A la poeta dianense Teresa Espasa, la salud le ha gastado, en los últimos tiempos, malas pasadas. Le ha disparado una bala de plata al corazón, aunque no le ha dado, pero le ha rozado y eso la ha obligado a protegerse en su buhardilla familiar. Desapareció de la escena pública como acostumbran los poetas, haciéndose acompañar del silencio. Y mientras cosía sus heridas y sanaba sus cicatrices, ha escrito un libro de cuentos eróticos, no de amor, sino a lo que éste lleva cuando va unido al enamoramiento, libro que ha ido elaborando con el sacrificio de un costalero, aguantando el peso, a su pesar deberíamos decir, con la fe del escritor.
Y de pronto, esta semana, ha reaparecido. Lo ha hecho como corresponde a la fundadora de la más importante tertulia literaria valenciana y varias revistas, en un encuentro de poetas, el que dirige Vicente Barberá en el Ateneo de Valencia, y sus versos han salido de las gargantas de una veintena de poetas, en una estudiada coralidad que tenía el propósito de hacerle un homenaje de bienvenida a la vida.
Cuánta razón tenía don Miguel de Cervantes al afirmar, con mucho tino: «hacerse poetas es enfermedad incurable y pegadiza». Exacto. Incurable, ya lo sabemos, menos curable que las heridas de su enfermedad de estos meses, y 'pegadiza' que es la forma amable de decir «contagiosa», aunque la diferencia es que es algo que no tiene cura ni es mal al que se le conozca antídoto.
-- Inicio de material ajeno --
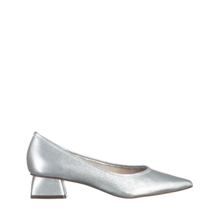 Pantofi dama argintii din piele ecologica cu toc Veda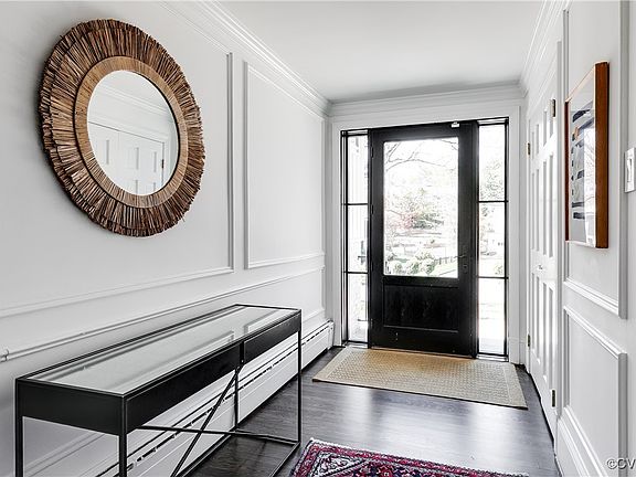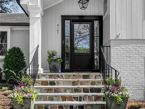 Welcome to 8107 Kingston Road, in the highly sought-after River Road Hills neighborhood. This stunning mid-century modern brick and slate roof tri-level home welcomes you with an extra wide circular stone paver driveway. Designed with both style and functionality in mind, the home boasts spacious rooms and an exceptional floor plan. Pella doors and oversized windows invite abundant natural light, while recently refinished hardwood floors, fresh paint, designer light fixture, and hardwood doors throughout elevate the home’s aesthetic. Step into the bright foyer, where a beautifully cased opening leads to the formal living room, complete with built-ins and a gas fireplace. The dining room open to the kitchen is a showstopper. There is a built in bar area for additional entertaining space. The dining room features a vaulted ceiling, and a stunning Palladian window. French doors from the dining room open to a large stone patio, professionally designed by Cartwright Landscaping. Inside, the spacious kitchen with granite counter-tops and stainless-steel appliances offers ample bar and island seating. A wide staircase leads to the upper level, where you'll find two generously sized bedrooms, a full hall bathroom, and an impressive primary suite. The primary bedroom features updated white flooring, custom built-in closets, and a luxurious en-suite bath with a double vanity, soaking tub, and shower. There is a walk-up attic for storage. The lower level offers a spacious family room, complete with built-in shelving and desk area for homework. This level also includes a fourth bedroom, a full bath, and a laundry room. Glass doors lead to the driveway and a new detached, climate-controlled home office. The fully fenced backyard is a dream come true for both children and gardening enthusiasts, featuring lush, mature plantings and ample space to play. This home is in the Tuckahoe School district and is walkable to the neighborhood pool (membership required) and Tuckahoe Shopping Center. This exceptional home is truly a gem!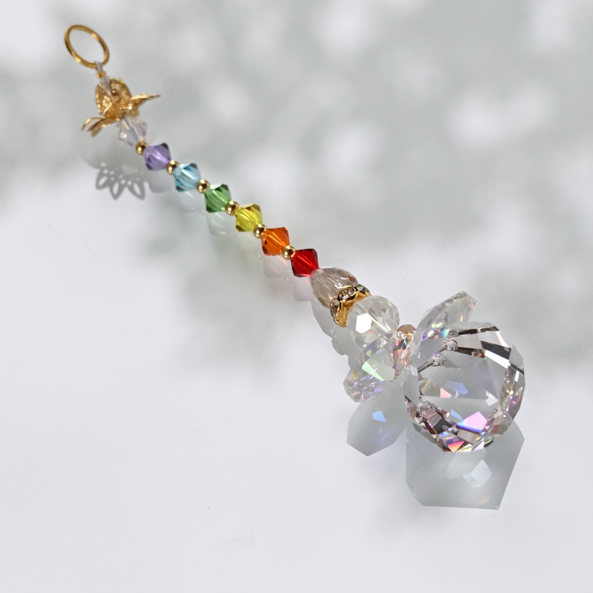 チャクラカラーと言われている7色を使い、小さな天使のサンキャッチャーに仕上げました。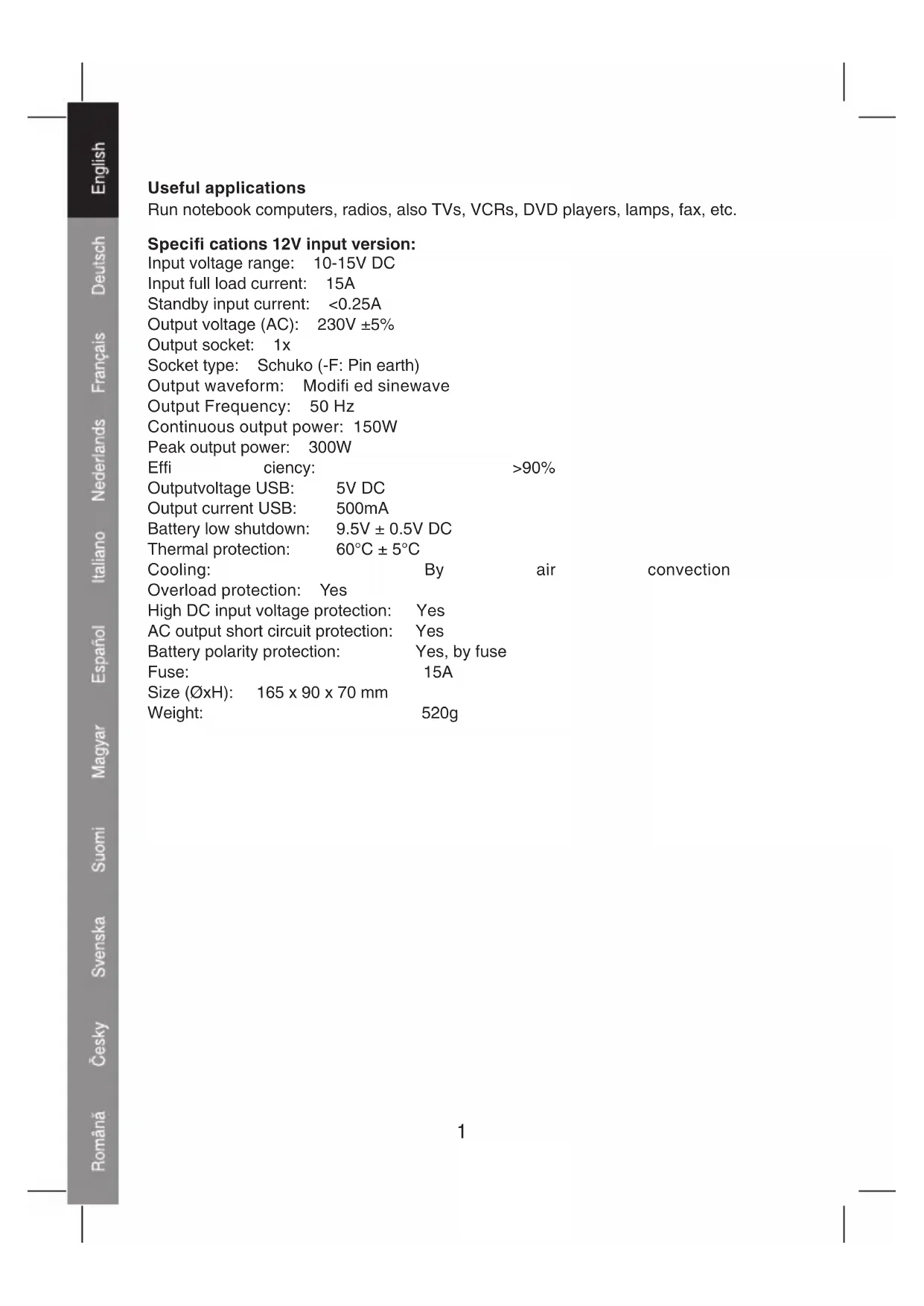 OUTPUTUseful applications Run notebook computers, radios, also TVs, VCRs, DVD players, lamps, fax, etc. Specifi cations 12V input version: Input voltage range: 10-15V DC Input full load current: 15A Standby input current: <0.25A Output voltage (AC): 230V ±5% Output socket: 1x Socket type: Schuko (-F: Pin earth) Output waveform: Modifi ed sinewave Output Frequency: 50 Hz Continuous output power: 150W Peak output power: 300W Effi ciency: >90% Outputvoltage USB: 5V DC Output current USB: 500mA Battery low shutdown: 9.5V ± 0.5V DC Thermal protection: 60°C ± 5°C Cooling: By air convection Overload protection: Yes High DC input voltage protection: Yes AC output short circuit protection: Yes Battery polarity protection: Yes, by fuse Fuse: 15A Size (ØxH): 165 x 90 x 70 mm Weight: 520g 1Specifi cations 24V input version Input voltage range: 20-30V DC Input full load current: 10A Standby input current: <0.2A Output voltage (AC): 230V ±5% Output socket: 1x Socket type: Schuko (-F: Pin earth) Output waveform: Pure sinewave Output Frequency: 50 Hz Continuous output power: 150W Peak output power: 300W Effi ciency: >90% Outputvoltage USB: 5V DC Output current USB: 500mA Battery low shutdown: 19.5V ± 0.8V DC Thermal protection: 60°C ± 5°C Cooling: By air convection Overload protection: Yes High DC input voltage protection: Yes AC output short circuit protection: Yes Battery polarity protection: Yes, by fuse Fuse: 10A Size (ØxH): 165 x 90 x 70 mm Weight: 520g 2Operating instruction:

Cuando alguien se envenena del arte de trovar, desde ese mismo momento, como picado por una cobra, sabe que por esa picadura, morirá, no por ninguna enfermedad de las que los médicos intentan protegernos, sino del mayor de los males que es la pasión lírica que un día envenenó a esta dama.
Y esa maldición la ha tenido Teresa, sino ¿de qué iba a estar 25 años dirigiendo una tertulia literaria, una asociación que sin ella no hubiera durado, no digo 25 años, digo ni 25 minutos? Todo ha salido de su energía, de su bolsillo y sobre todo de su salud y en consecuencia, cada esfuerzo lleva en su interior su partida de muerte.
Dice Teresa: «Los días son como cenizas/ que nos visitan a menudo./ Este morir tenso, indefinido./ Este intento casi nulo de inventar/ lo que no existe».
Lo recuerdo yo que no pasé por La Buhardilla histórica, lo afirmo yo que nunca fui invitado a La Cope, lo digo yo que siento por esta mujer algo que no es mero afecto, sino algo mucho más importante ahijado del ritual de la amistad.
Teresa hace tiempo que exigía un homenaje, por su generosidad, su capacidad de trabajo y organización, pero sobre todo, para que se reconociera su mérito como poeta. Porque tiene sentimiento poético, fue picada por la serpiente de cascabel y envenenada de forma incurable como anunciaba Cervantes, lo que se ve en sus versos en los que siempre hay poesía, porque además de corazón, tiene oficio. Ay el corazón, puñal traidor que un día acabará con nosotros.
María Teresa Espasa, en sus versos habla de cosas que se entienden. Nada más lejos de sus modos, que el extravío por lo farragoso, pérdida que no es una novedad que nos llegue desde las vanguardias, sino que lo de escribir incomprensible ha existido de siempre. No hace falta alguna recordar que no se es mejor poeta, ni mejor surrealista, por ser más impenetrable, no mejora el verso porque se haga más espeso, sino al revés. Es sabido que los poetas, cuanto menos diestros, más alambicados y oscuros, al ser esta una consabida fórmula para amagar su torpeza. De nuevo don Miguel, ahora en La ilustre fregona, nos advirtió sobre esto: «Verdaderamente que hay poetas en el mundo que escriben trovas que no hay diablo que las entienda». Por el contrario, aquí estamos ante versos de cristal.
Cuando se regresa del dolor, se sabe. Y Teresa, tras entrar en los hospitales y entrar en los algodones como en las azucenas, ha demostrado que ella es poeta por encima y sobre todas las demás cosas, es poeta además de activista, es una poeta amiga, entregada y fuerte, es una poeta culta, que sin embargo no gusta de chapotear en la técnica. Una explicación a todo esto la encontramos la elegía de André Chénier, aquel poeta que se enamoró al pie del patíbulo en el que acabaron sus días: «el arte solo hace versos, únicamente el corazón es poeta».